The task: Write out the entries below exactly, but only from the line containing "von der Promenade" through the line containing "चित्र 2. महाबलीपुरम: जलमग्न पुरातात्विक अवशेष", and without the pictures.

Data shown Block Start

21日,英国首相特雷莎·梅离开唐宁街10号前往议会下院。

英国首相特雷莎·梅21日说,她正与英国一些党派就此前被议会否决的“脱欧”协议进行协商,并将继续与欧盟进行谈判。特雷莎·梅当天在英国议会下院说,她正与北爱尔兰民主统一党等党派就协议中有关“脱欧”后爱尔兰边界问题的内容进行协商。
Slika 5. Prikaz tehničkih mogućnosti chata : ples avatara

Data shown Block End
Data shown Block Start

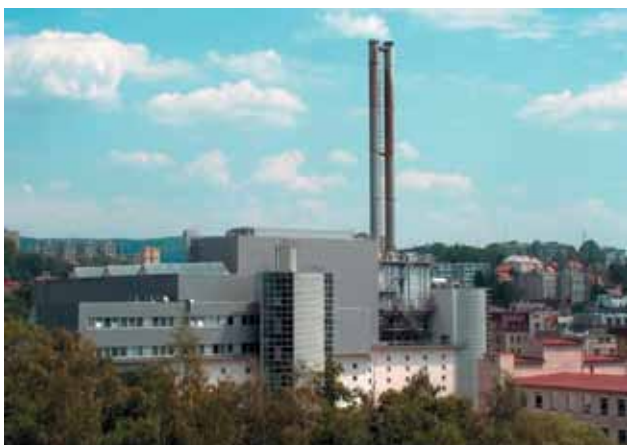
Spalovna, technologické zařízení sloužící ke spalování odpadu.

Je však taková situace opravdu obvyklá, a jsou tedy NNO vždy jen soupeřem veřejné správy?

Data shown Block End
Data shown Block Start

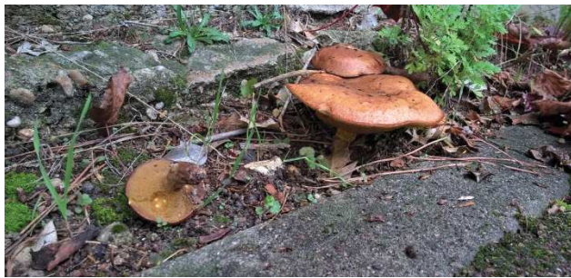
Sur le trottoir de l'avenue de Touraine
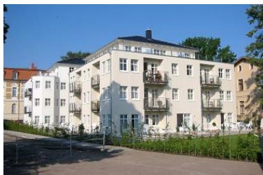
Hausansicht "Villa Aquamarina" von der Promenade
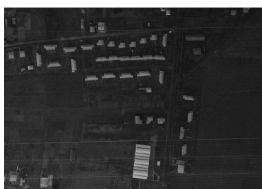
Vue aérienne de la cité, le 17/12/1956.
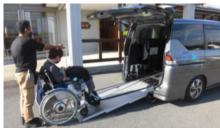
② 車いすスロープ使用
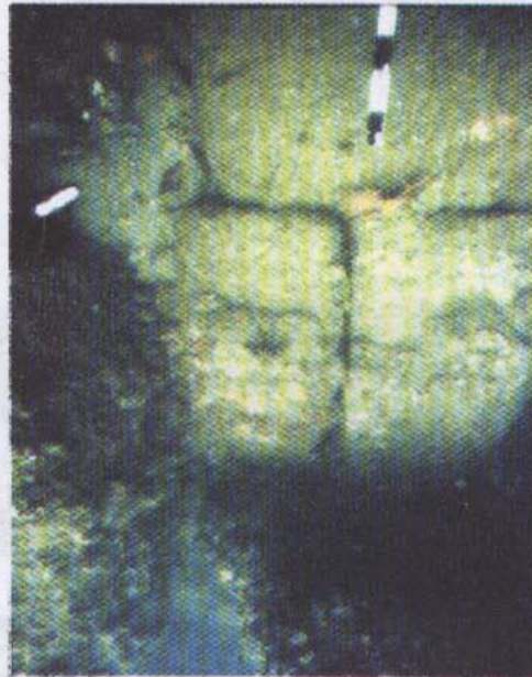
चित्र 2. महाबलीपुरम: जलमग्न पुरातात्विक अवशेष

Data shown Block End

Solved exercise:
Hausansicht "Villa Aquamarina" von der Promenade
Vue aérienne de la cité, le 17/12/1956.
② 車いすスロープ使用
चित्र 2. महाबलीपुरम: जलमग्न पुरातात्विक अवशेष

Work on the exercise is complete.